Figure 3.. FRASER 2.0 is less sensitive to sequencing depth than previous methods.
(A) Scatterplot of the number of splicing outliers at the gene level against the total mapped reads per sample on the GTEx skin not-sun-exposed dataset for LeafcutterMD, SPOT, FRASER and FRASER 2.0 (facets). Spearman correlation coefficients (rho) are shown. All are significant (Spearman test, P < 3 x 10−3) (B) Boxplots of the Spearman correlation coefficients (y-axis) between the mapped reads and the number of splicing outliers at the gene level called by LeafcutterMD, SPOT, FRASER and FRASER 2.0 (x-axis) for each GTEx tissue (N=48). P-values of Wilcoxon tests are shown above brackets.
Figure 4.
Figure 4.. Application of FRASER 2.0 to rare disease cohorts.

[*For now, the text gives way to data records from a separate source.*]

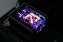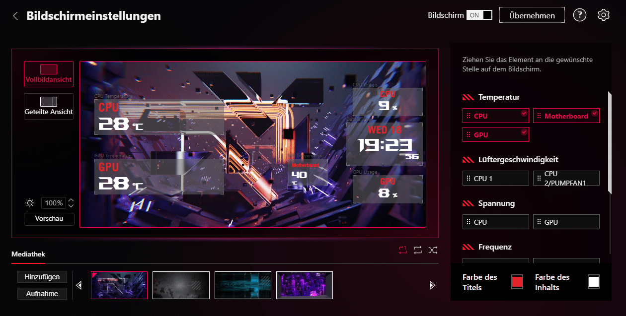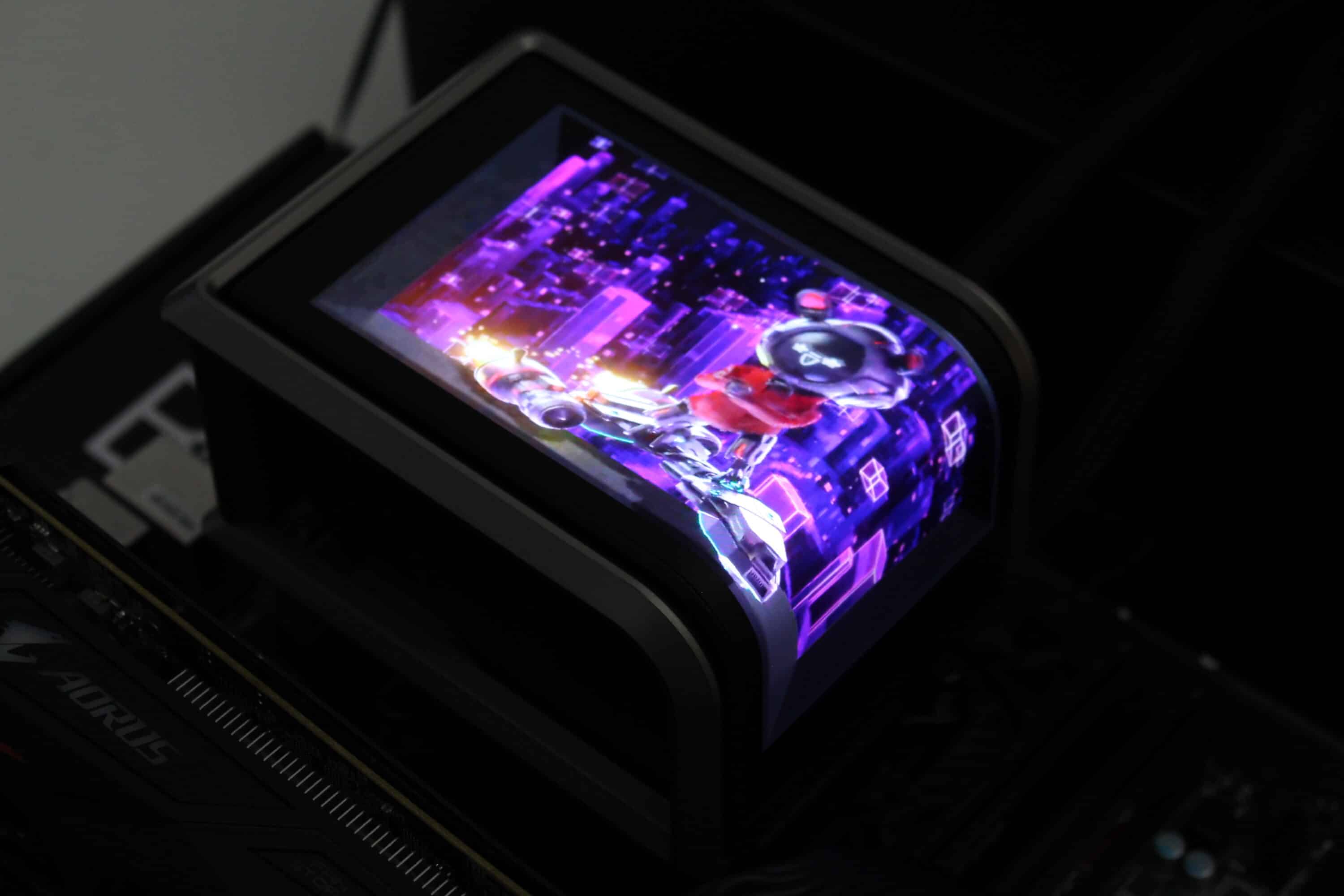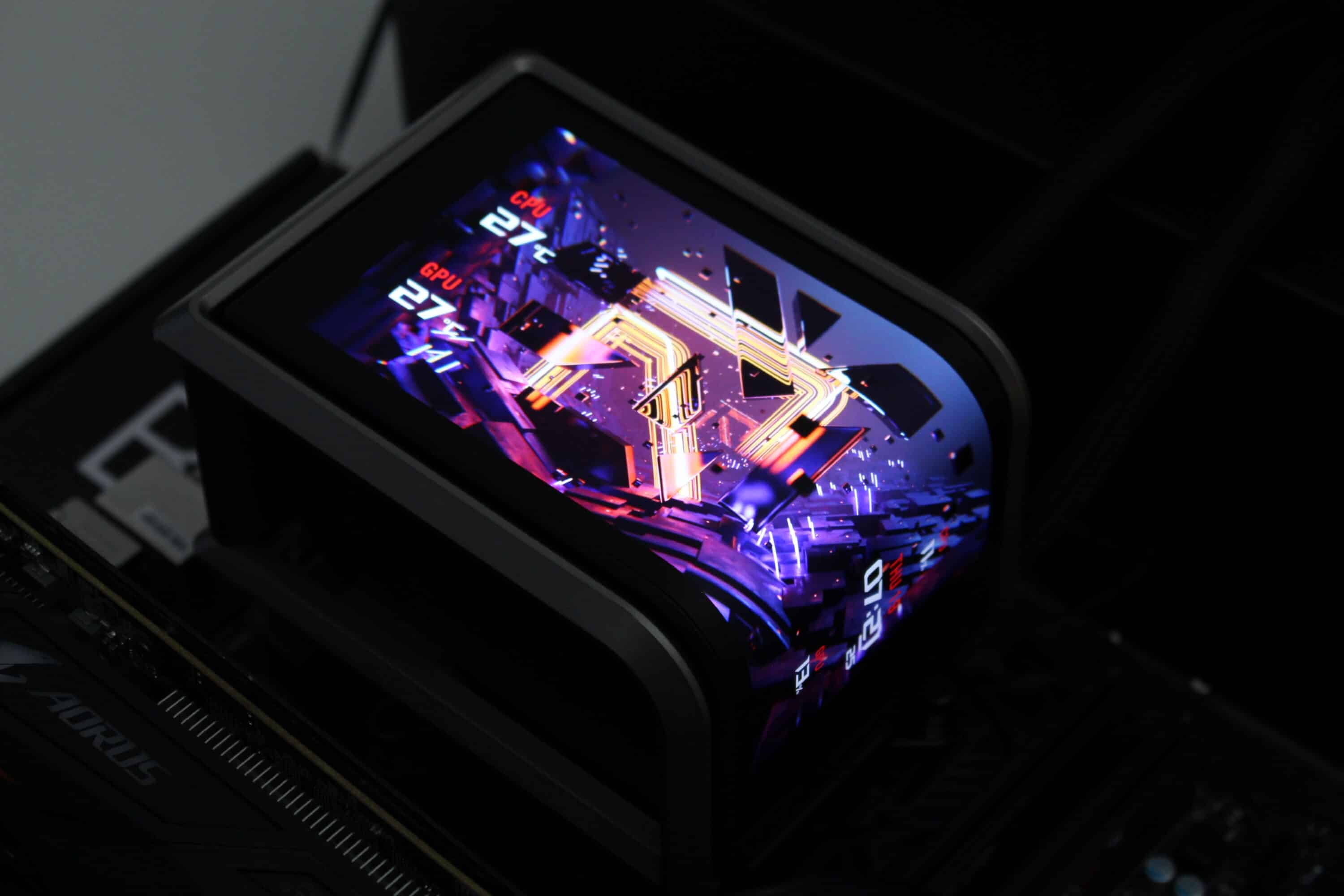 One feature that ASUS is particularly keen to promote in the ROG Ryuo IV SLC 360 ARGB, however, is the curved 6.67″ 2K AMOLED display with a refresh rate of 60 Hz, which is attached above the pump using a magnet. The display is connected via an internal USB 2.0 header and therefore offers very individual personalization options. These include the animated display of hardware information, the time or the display of customized GIF animations or static images. However, the display must be configured using the ASUS Info Hub software.
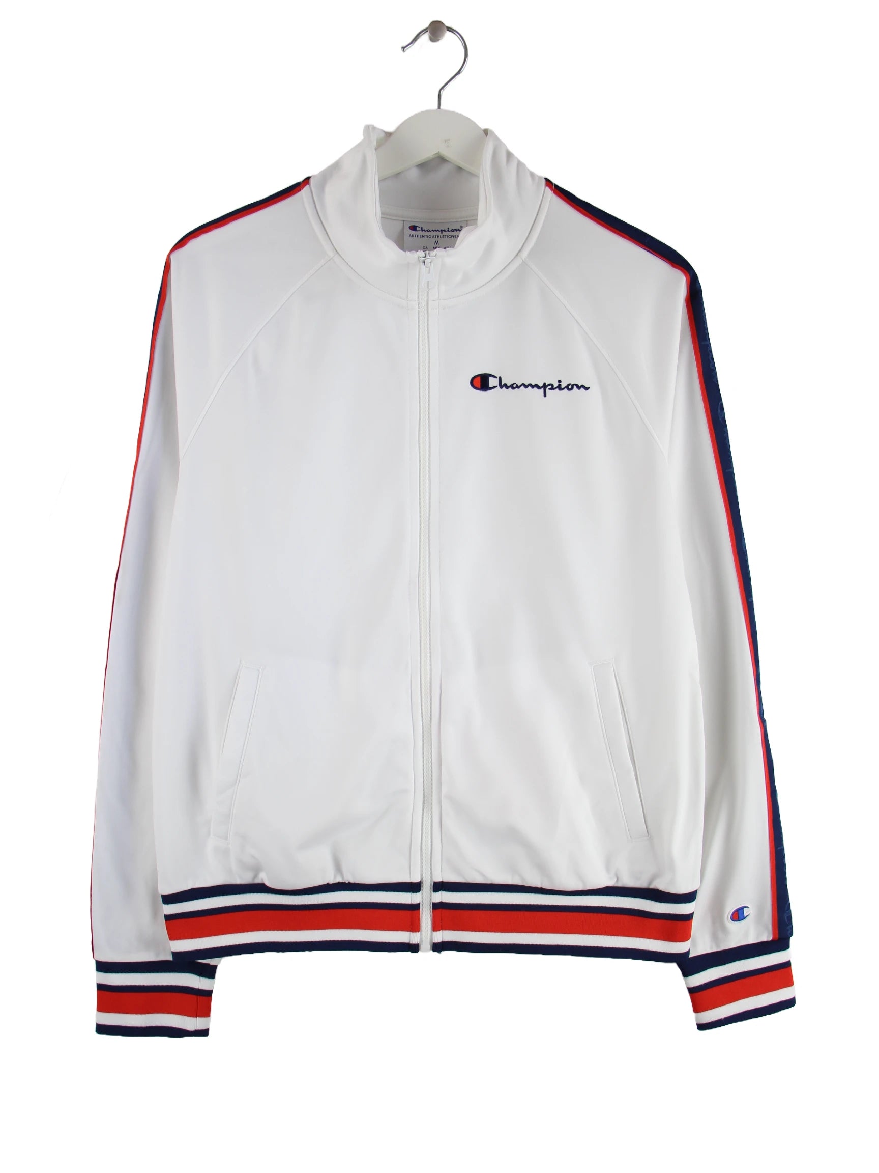 Trainingsjacke der Brand Champion in Größe M. Sie ist aus Synthetik hergestellt und in Weiß zu bekommen.
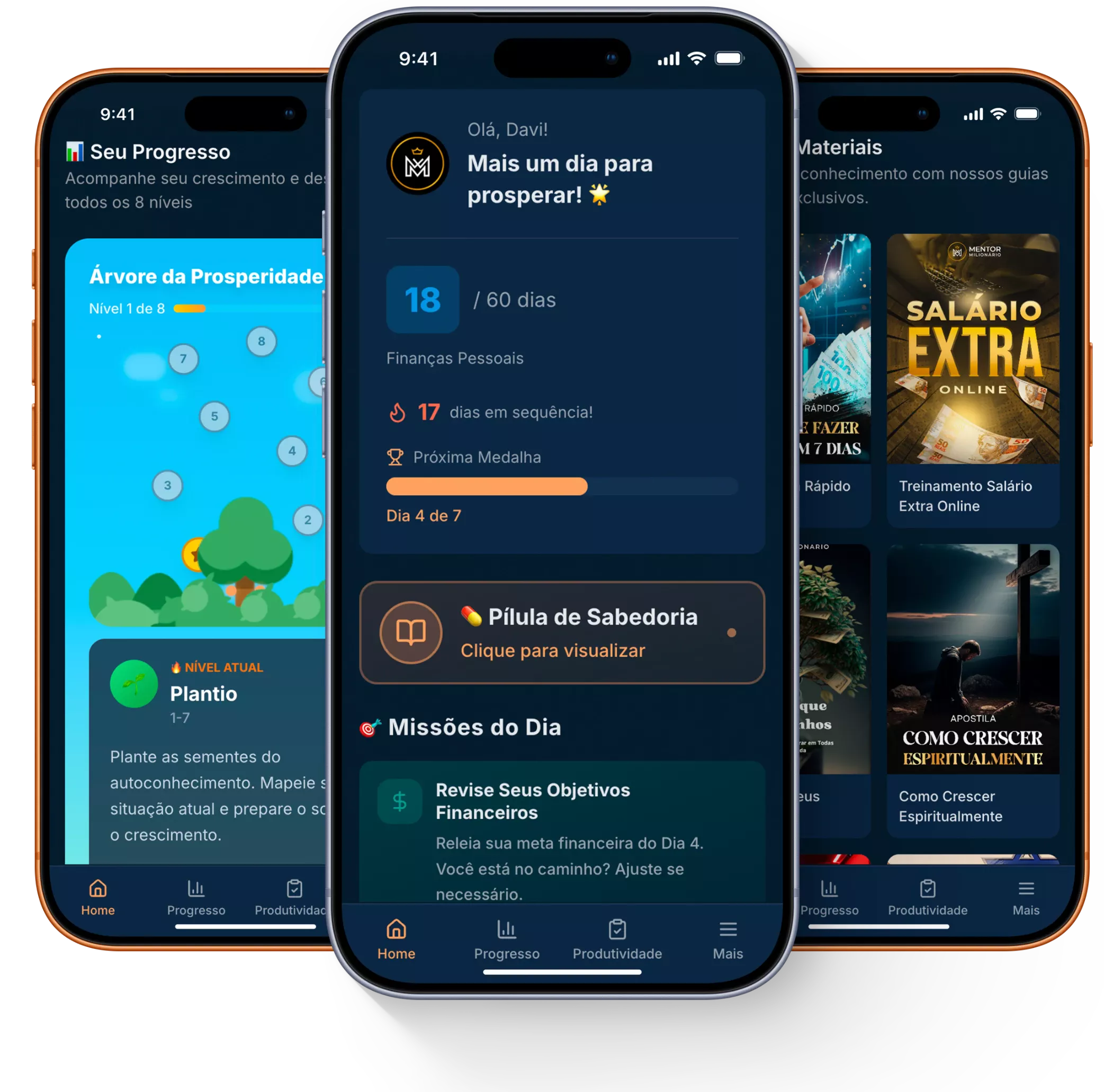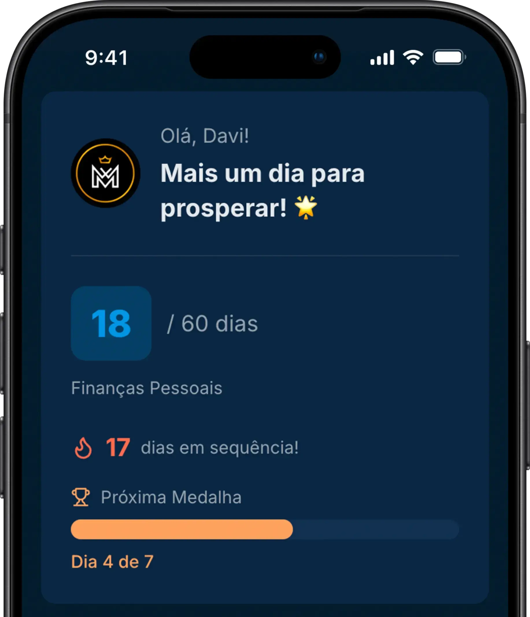 Um desafio dividido em dias, com treinamentos, aulas, ferramentas, estratégias, e um calendário de ações que te entregarão o caminho exato a ser trilhado para prosperar nas 5 esferas da vida como nunca — NOS PRÓXIMOS 60 DIAS.

(A) Distribution of the splicing outliers per sample at the gene level on the UDN (N=391, N=252, N=104 for Fibroblasts, Blood poly(A) and Blood totalRNA) and the Yépez et al. dataset (N=303) for FRASER (blue) and FRASER 2.0 applied to three gene sets considered for FDR-correction: expressed genes (dark purple), expressed OMIM genes (light purple), and expressed OMIM genes with a rare variant (violet red, Methods). (B) Size (bars) of all non-empty intersections (linked dots) between four outlier sets from the Yépez et al dataset: i) the 22 originally reported pathogenic events, ii) the transcriptome-wide significant FRASER 2.0 calls, iii) the significant FRASER 2.0 calls when only considering OMIM genes with a rare variant and iv) the transcriptome-wide significant FRASER calls. (C) Fraction of recovered pathogenic splicing outliers from the Yépez et al. dataset (y-axis, total N=22) when subsampling to different sample sizes (x-axis). Each sample size was randomly sampled 5 times. RV: rare variant.